Slow-motion video of bumblebees tasting sweet, salty and bitter droplets suggests they show consistent “liking” and “disliking” behaviours, according to The Guardian. The study, published in Proceedings of the National Academy of Sciences, is a collaboration between Macquarie University and Southern Medical University in China.

The researchers focused on mouthpart movements that, in mammals, are used as behavioural markers of internal states when animals cannot report what they feel. In the experiments, bumblebees were presented with droplets of 60% sugar, 20% sugar, plain water, 5% salt, or a quinine solution. After sweet solutions, bees showed what the paper calls “post-consumption glossa”—continued tongue extension and licking. With salt or quinine, bees instead shook their heads and wiped their mouthparts, reactions the scientists compare to distaste responses documented in rats and other mammals.

The controversial step is moving from “observable response” to “subjective experience”. The Guardian reports that the authors attempted to separate simple chemical reflexes from state-dependent behaviour by testing 18 bumblebee colonies under different conditions, including heat stress, satiety and drug doses. Under heat, bees’ reactions to water or salty solutions shifted from neutral or aversive to positive. Co-author Andrew Barron, an insect behaviour researcher at Macquarie University, likened that shift to a human’s changed perception of an electrolyte drink after heavy exertion.

If the behaviours track internal state rather than fixed reflex, they become a tool: a way to quantify how environmental stressors alter what bees seek out and avoid. That matters because conservation policy often depends on measurable endpoints—colony numbers, foraging rates, pesticide exposure—while welfare and cognition debates tend to stall over definitions. A repeatable behavioural readout could feed into how researchers assess sub-lethal harms from heat, chemicals, or habitat change, and into how interventions are evaluated.
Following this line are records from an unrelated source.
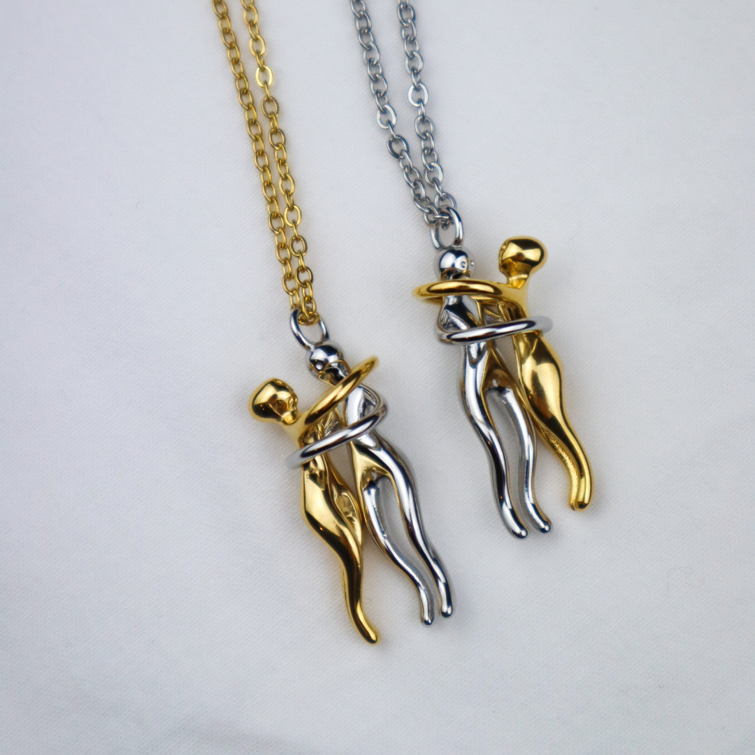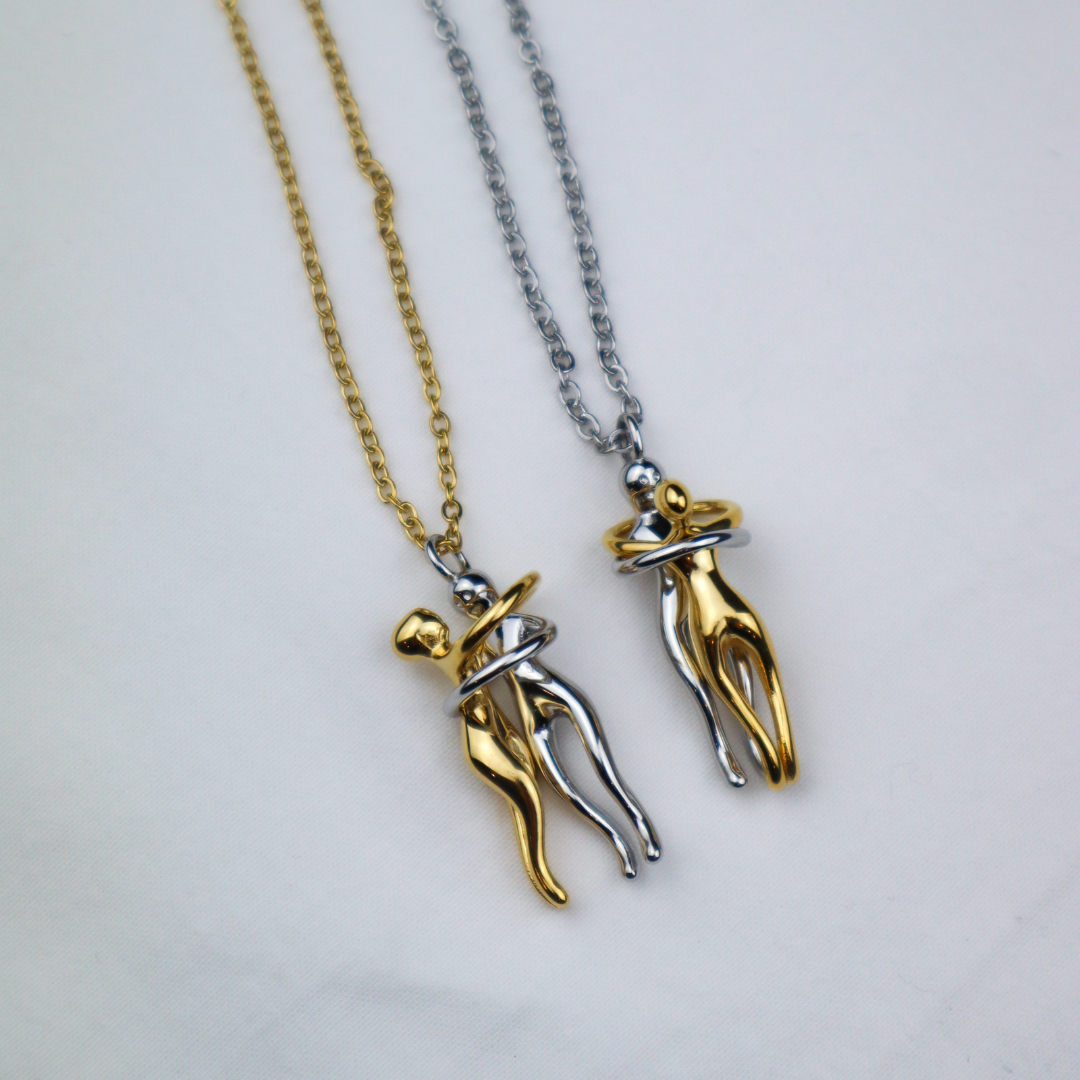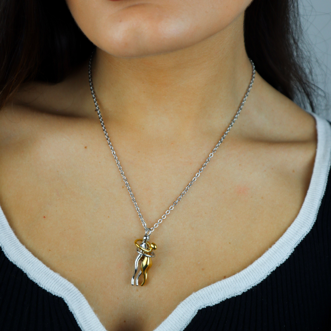colar Soulmate celebra a ligação especial entre duas almas. O seu pendente retrata duas figuras num abraço simbólico, uma dourada e outra prateada, representando amor, cumplicidade e proteção.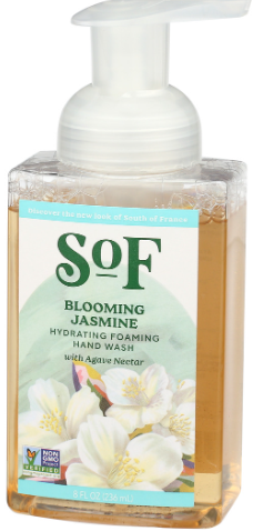 South of France Blooming Jasmine Foaming Hand Wash is enriched with our proprietary blend of moisturizing coconut oil and natural vegetable glycerin for a pampering, cleansing experience. With organic agave nectar to leave your skin more hydrated, our richly foaming organic hand wash is infused with the fresh scent of sweet wild jasmine. South of France Hand Wash is free of parabens, phthalates, and sulfates, and is a cruelty-free product containing no animal by-products. Includes one 8 oz. bottle of gluten-free South of France Blooming Jasmine Foaming Hand Wash.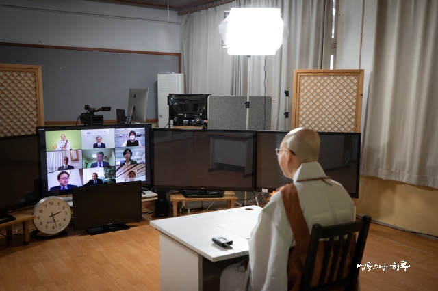 합장으로 인사를 한 후 온라인 기자회견을 마쳤습니다.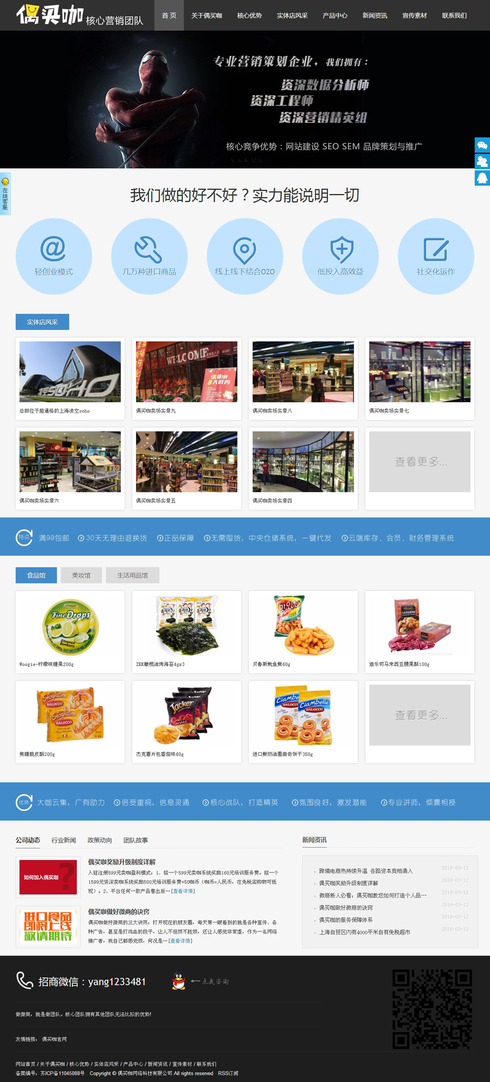 中国首家主打社交+轻创业微商营销模式的O2O平台,是由上海偶买咖网络科技有限公司控股,并负责运营管理,并与全球1000多家国际品牌结成战略联盟。偶买咖平台根据微商的发展瓶颈及趋势,确定了发展战略,打开了全新的社交+轻创业互联网模式,以免税店为基础实现一键实现微商轻创业,打造国内最具诚信、品质、社交的微商平台。并在运营中不断改进、创新使得公司的模式以及理念走在了国内的前沿。这是全新的一个微商平台,微商加入平台可以拥有自己的免税店铺,店里包含了母婴、美妆、食品、保健品、奢侈品、服装、鞋子、进口汽车等等最畅销的数万种全进口产品。平台提供宣传、客服等售后保障,从而实现一键轻创业。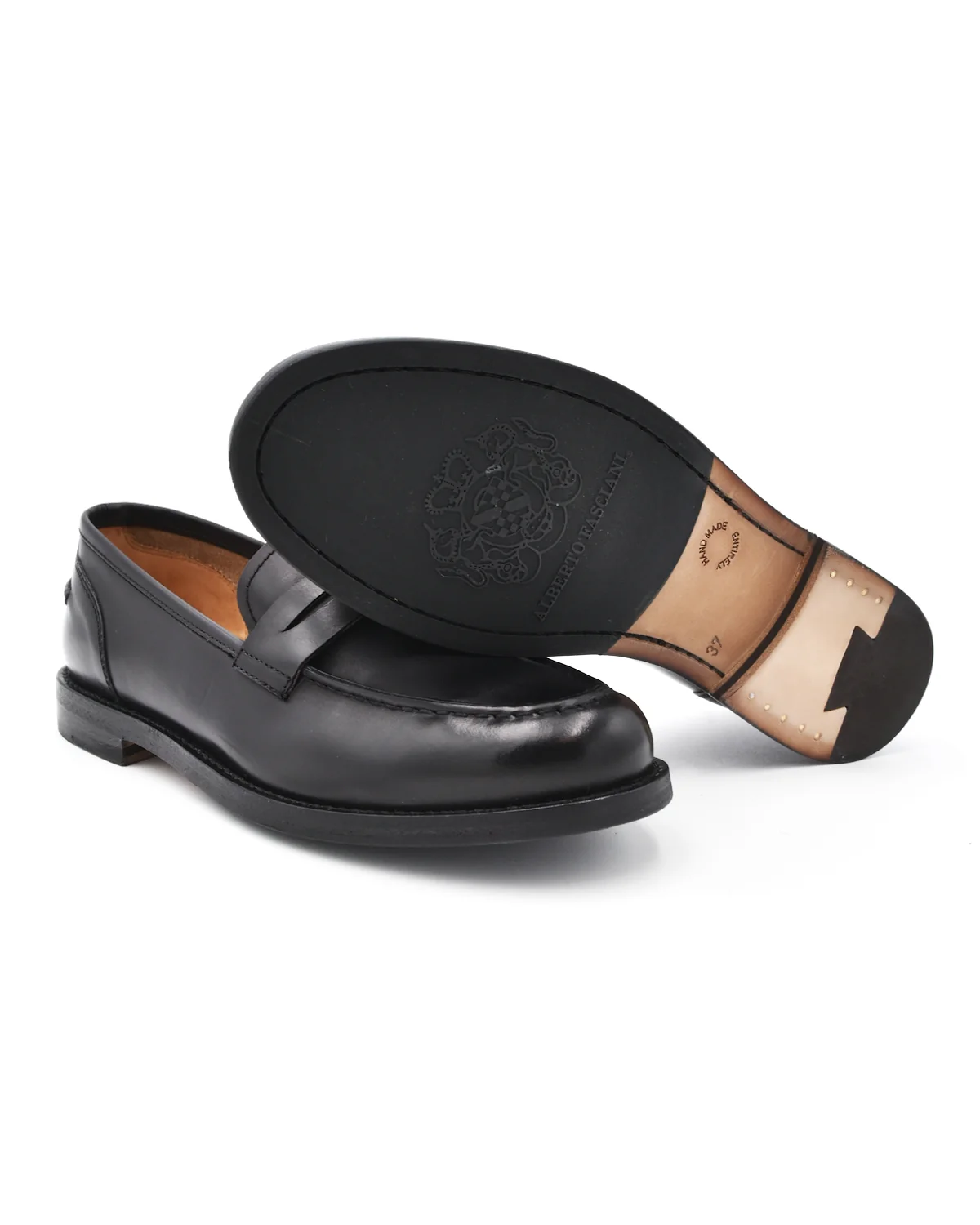 The 'Zoe' from Alberto Fasciani has the traditional instep strap, moc stitch across the top and slightly boxier toe make these a classic prep school penny loafer. The leather stitched sole has the added benefit of being covered with a rubber top sole. True to the brand's origin as manufacturers of competitive equestrian boots, these are made by hand with the closest attention to fit, elegance, and comfort. Made in Italy. Fits half size small.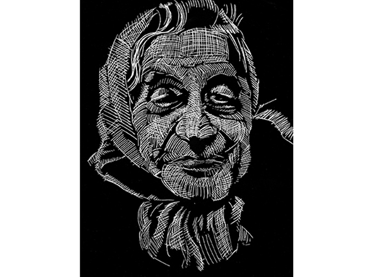 Scratch back lines with wooden tools to reveal white underneath the black coating.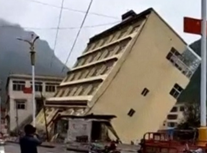 Prédio desaba e caminhão é arrastado devido ao mau tempo no Tibete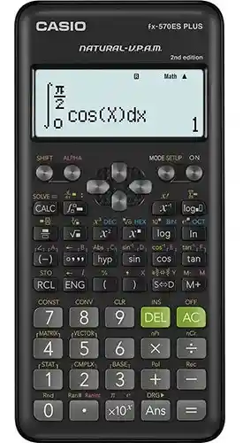 CARACTERÍSTICAS DEL PRODUCTO-Marca: Casio-Modelo: FX-570ES-PLUS-Tipo de producto: calculadora científica-Uso: educación básica, media y superior-Pantalla natural V.P.A.M-Pantalla de matriz de puntos-15 + 10 + 2 dígitos-417 funciones-Resolución de ecuaciones-20 pares de valores para conversiones métricas-Cálculo con números complejos-Cálculo de funciones con la tecla Cal (memoria temporal de fórmulas)-40 constantes científicas-Cálculo vectorial y de matrices-Cálculo numérico de integrales / cálculo diferencial-Números enteros aleatorios-Nuevo modo de ecuaciones-Tabla de funciones-Batería-Respuestas múltiples-24 niveles de paréntesis-Memoria variable (7)-tecla STO/RCL-417 funciones-Pantalla: pantalla natural de libro de texto con sistema V.P.A.M.-Peso: 100 gr-Garantia 1 año-Dimensiones-Alto 16,2 cm-Ancho 8 cm-Profundidad 1,38 cm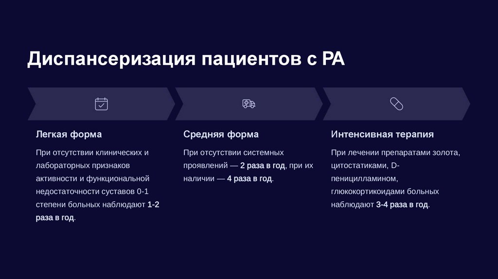 Устанавливают больным с РА легкой и средней тяжести течения с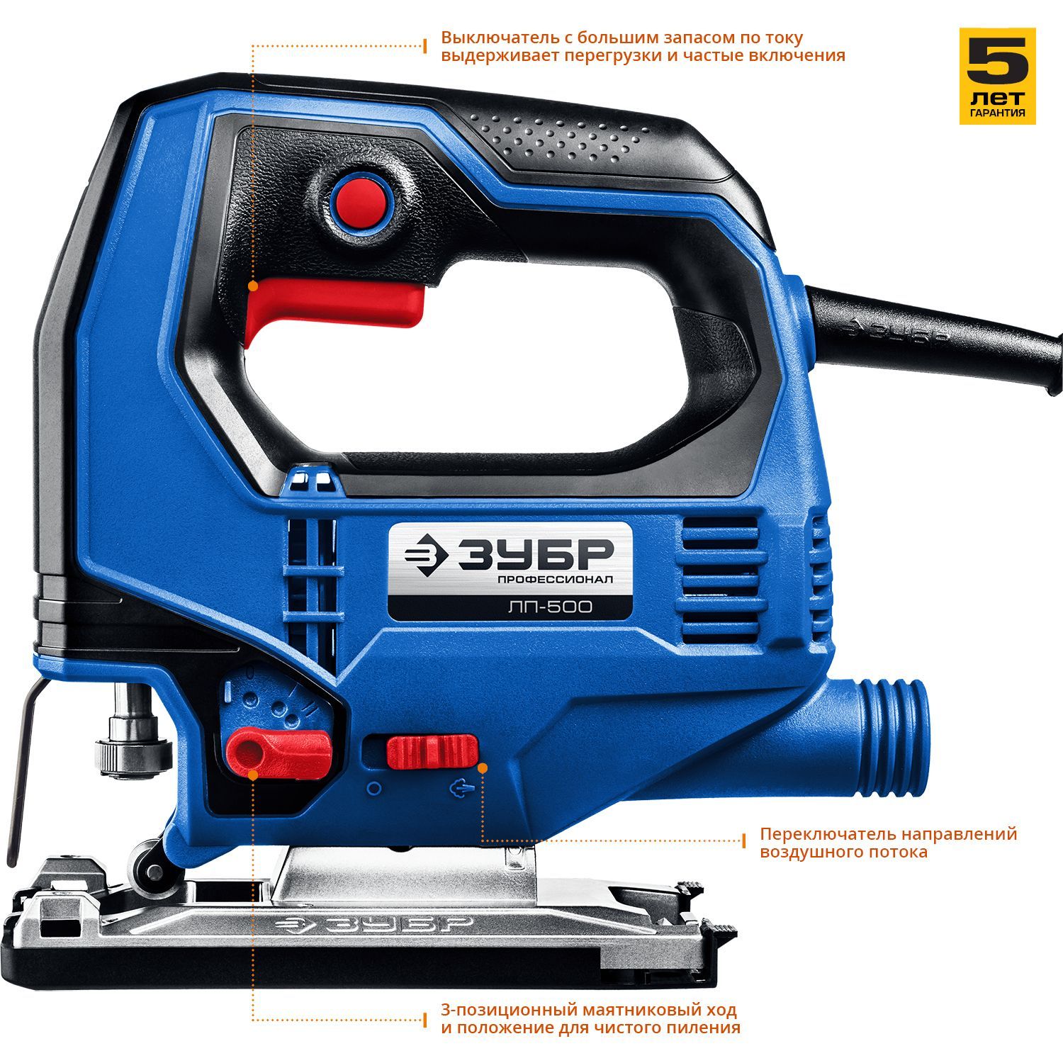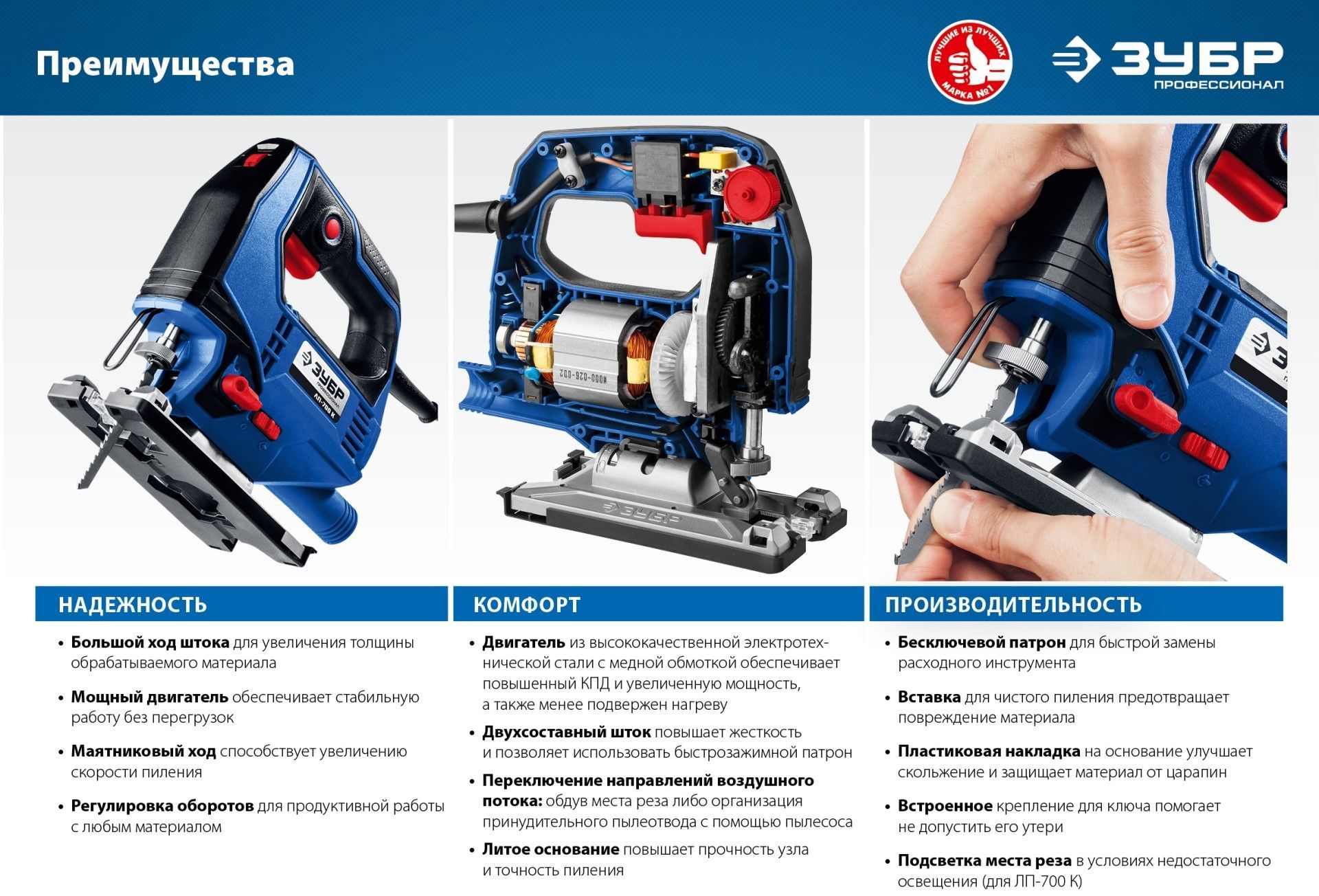 - 3-позиционный маятниковый ход для обеспечения как быстрого, так и чистого пиления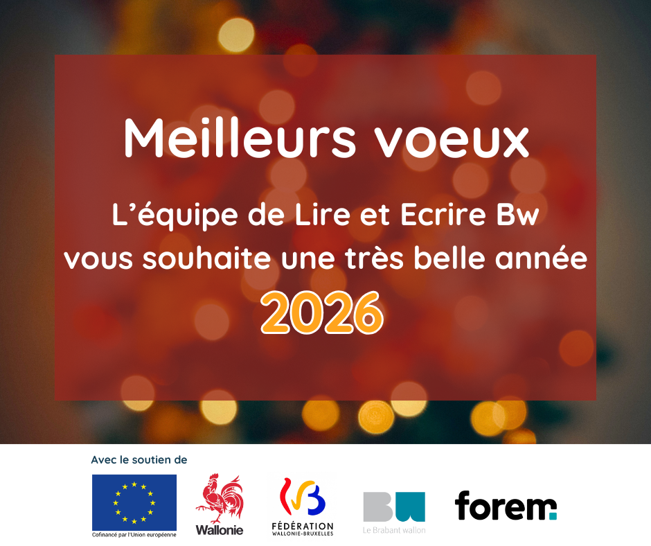 L’équipe de Lire et Écrire Brabant wallon vous souhaite à toutes et à tous une très belle année 2026 ! 🎄✨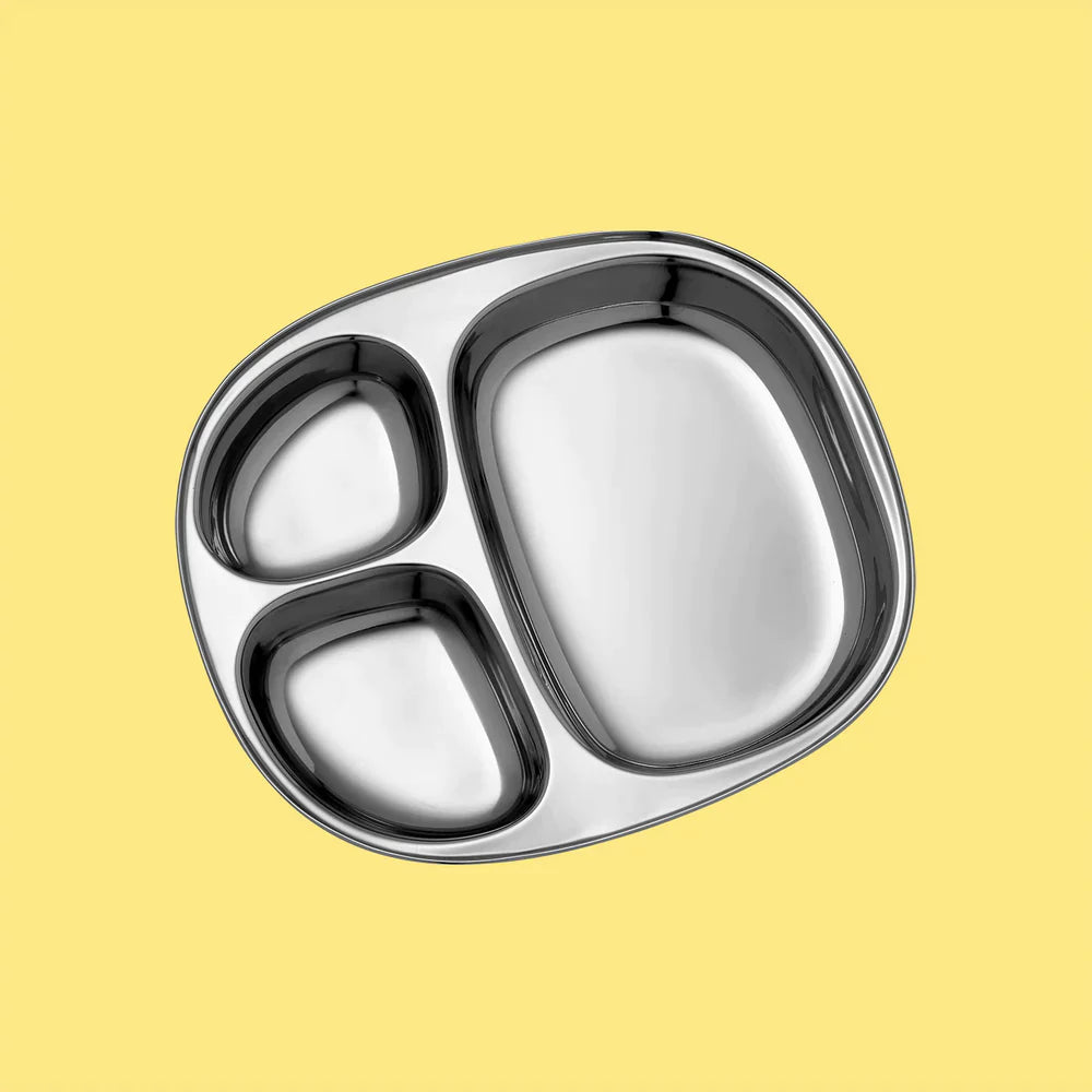 SteelLunchTray er fremstillet i fødevaregodkendt rustfrit stål. Tallerkenen er opdelt i 3 “rum” ligesom den klassiske Y-tallerken.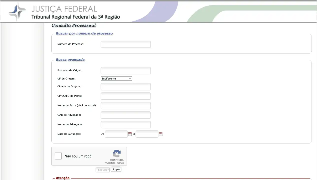 Consulta a situação de processos no TRF-3 (Tribunal Regional Federal da 3ª região).

The same tool also invites disputes about interpretation. Facial expressions are treated as important indicators in many animals, but insects occupy an uneasy category in public policy: ecologically essential, widely managed by humans, and rarely granted the moral assumptions applied to vertebrates. The study adds another dataset to that argument, without resolving where “emotion-like” ends and “adaptive motor program” begins.

In the videos, the difference is plain: sweet droplets are followed by lingering tongues, while bitter ones trigger head shakes and mouth wiping. The paper’s strongest claim is not that bees talk to themselves, but that their reactions change with conditions in ways that look less like a switch and more like a state.